▶ _Exercise data_:
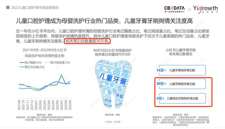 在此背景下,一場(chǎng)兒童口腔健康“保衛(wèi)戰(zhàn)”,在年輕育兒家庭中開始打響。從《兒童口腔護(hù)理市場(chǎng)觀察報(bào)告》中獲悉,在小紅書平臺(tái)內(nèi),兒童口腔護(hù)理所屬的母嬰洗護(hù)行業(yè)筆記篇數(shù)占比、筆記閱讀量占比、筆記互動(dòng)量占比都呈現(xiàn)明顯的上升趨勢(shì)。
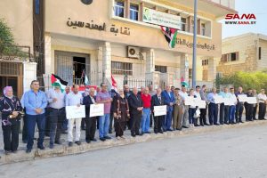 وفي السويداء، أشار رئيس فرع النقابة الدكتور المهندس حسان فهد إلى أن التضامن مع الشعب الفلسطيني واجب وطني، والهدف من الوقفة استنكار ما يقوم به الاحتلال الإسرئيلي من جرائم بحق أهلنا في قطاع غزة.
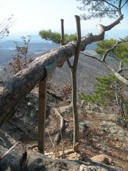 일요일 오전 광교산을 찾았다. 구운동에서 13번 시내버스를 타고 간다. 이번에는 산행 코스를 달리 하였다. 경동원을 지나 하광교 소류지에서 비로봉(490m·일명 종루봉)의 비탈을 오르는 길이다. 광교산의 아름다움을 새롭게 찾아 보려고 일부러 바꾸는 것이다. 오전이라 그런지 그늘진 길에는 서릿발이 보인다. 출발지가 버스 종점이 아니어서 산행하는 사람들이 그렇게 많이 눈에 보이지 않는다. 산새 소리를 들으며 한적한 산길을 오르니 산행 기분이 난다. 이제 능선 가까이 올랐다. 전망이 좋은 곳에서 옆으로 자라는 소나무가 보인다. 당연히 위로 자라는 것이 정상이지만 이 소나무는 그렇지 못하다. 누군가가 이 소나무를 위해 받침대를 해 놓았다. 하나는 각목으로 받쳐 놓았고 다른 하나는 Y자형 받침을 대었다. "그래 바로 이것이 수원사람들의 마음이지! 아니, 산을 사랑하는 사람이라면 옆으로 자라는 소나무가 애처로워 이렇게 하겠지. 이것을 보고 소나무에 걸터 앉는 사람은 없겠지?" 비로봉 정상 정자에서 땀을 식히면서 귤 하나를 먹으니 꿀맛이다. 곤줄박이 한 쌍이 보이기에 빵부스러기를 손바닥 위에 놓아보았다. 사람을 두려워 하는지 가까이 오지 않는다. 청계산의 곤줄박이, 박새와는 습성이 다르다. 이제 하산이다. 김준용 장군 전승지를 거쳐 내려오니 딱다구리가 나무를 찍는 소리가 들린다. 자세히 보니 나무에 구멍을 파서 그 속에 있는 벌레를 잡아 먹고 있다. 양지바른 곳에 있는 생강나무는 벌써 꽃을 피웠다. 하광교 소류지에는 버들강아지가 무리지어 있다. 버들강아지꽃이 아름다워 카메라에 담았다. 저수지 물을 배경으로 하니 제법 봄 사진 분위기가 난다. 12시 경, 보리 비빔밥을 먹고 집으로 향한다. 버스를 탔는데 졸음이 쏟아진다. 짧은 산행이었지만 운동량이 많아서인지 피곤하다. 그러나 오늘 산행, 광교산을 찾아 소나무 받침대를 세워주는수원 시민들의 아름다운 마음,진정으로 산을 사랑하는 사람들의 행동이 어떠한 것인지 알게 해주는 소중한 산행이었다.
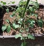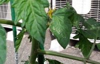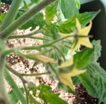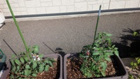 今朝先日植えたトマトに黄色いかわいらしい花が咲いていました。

▶ _Task to carry out_: Write the listing above out again word for word, excluding all images.

▶ _Exercise answer_:
 在此背景下,一場(chǎng)兒童口腔健康“保衛(wèi)戰(zhàn)”,在年輕育兒家庭中開始打響。從《兒童口腔護(hù)理市場(chǎng)觀察報(bào)告》中獲悉,在小紅書平臺(tái)內(nèi),兒童口腔護(hù)理所屬的母嬰洗護(hù)行業(yè)筆記篇數(shù)占比、筆記閱讀量占比、筆記互動(dòng)量占比都呈現(xiàn)明顯的上升趨勢(shì)。
 وفي السويداء، أشار رئيس فرع النقابة الدكتور المهندس حسان فهد إلى أن التضامن مع الشعب الفلسطيني واجب وطني، والهدف من الوقفة استنكار ما يقوم به الاحتلال الإسرئيلي من جرائم بحق أهلنا في قطاع غزة.
 일요일 오전 광교산을 찾았다. 구운동에서 13번 시내버스를 타고 간다. 이번에는 산행 코스를 달리 하였다. 경동원을 지나 하광교 소류지에서 비로봉(490m·일명 종루봉)의 비탈을 오르는 길이다. 광교산의 아름다움을 새롭게 찾아 보려고 일부러 바꾸는 것이다. 오전이라 그런지 그늘진 길에는 서릿발이 보인다. 출발지가 버스 종점이 아니어서 산행하는 사람들이 그렇게 많이 눈에 보이지 않는다. 산새 소리를 들으며 한적한 산길을 오르니 산행 기분이 난다. 이제 능선 가까이 올랐다. 전망이 좋은 곳에서 옆으로 자라는 소나무가 보인다. 당연히 위로 자라는 것이 정상이지만 이 소나무는 그렇지 못하다. 누군가가 이 소나무를 위해 받침대를 해 놓았다. 하나는 각목으로 받쳐 놓았고 다른 하나는 Y자형 받침을 대었다. "그래 바로 이것이 수원사람들의 마음이지! 아니, 산을 사랑하는 사람이라면 옆으로 자라는 소나무가 애처로워 이렇게 하겠지. 이것을 보고 소나무에 걸터 앉는 사람은 없겠지?" 비로봉 정상 정자에서 땀을 식히면서 귤 하나를 먹으니 꿀맛이다. 곤줄박이 한 쌍이 보이기에 빵부스러기를 손바닥 위에 놓아보았다. 사람을 두려워 하는지 가까이 오지 않는다. 청계산의 곤줄박이, 박새와는 습성이 다르다. 이제 하산이다. 김준용 장군 전승지를 거쳐 내려오니 딱다구리가 나무를 찍는 소리가 들린다. 자세히 보니 나무에 구멍을 파서 그 속에 있는 벌레를 잡아 먹고 있다. 양지바른 곳에 있는 생강나무는 벌써 꽃을 피웠다. 하광교 소류지에는 버들강아지가 무리지어 있다. 버들강아지꽃이 아름다워 카메라에 담았다. 저수지 물을 배경으로 하니 제법 봄 사진 분위기가 난다. 12시 경, 보리 비빔밥을 먹고 집으로 향한다. 버스를 탔는데 졸음이 쏟아진다. 짧은 산행이었지만 운동량이 많아서인지 피곤하다. 그러나 오늘 산행, 광교산을 찾아 소나무 받침대를 세워주는수원 시민들의 아름다운 마음,진정으로 산을 사랑하는 사람들의 행동이 어떠한 것인지 알게 해주는 소중한 산행이었다.
 今朝先日植えたトマトに黄色いかわいらしい花が咲いていました。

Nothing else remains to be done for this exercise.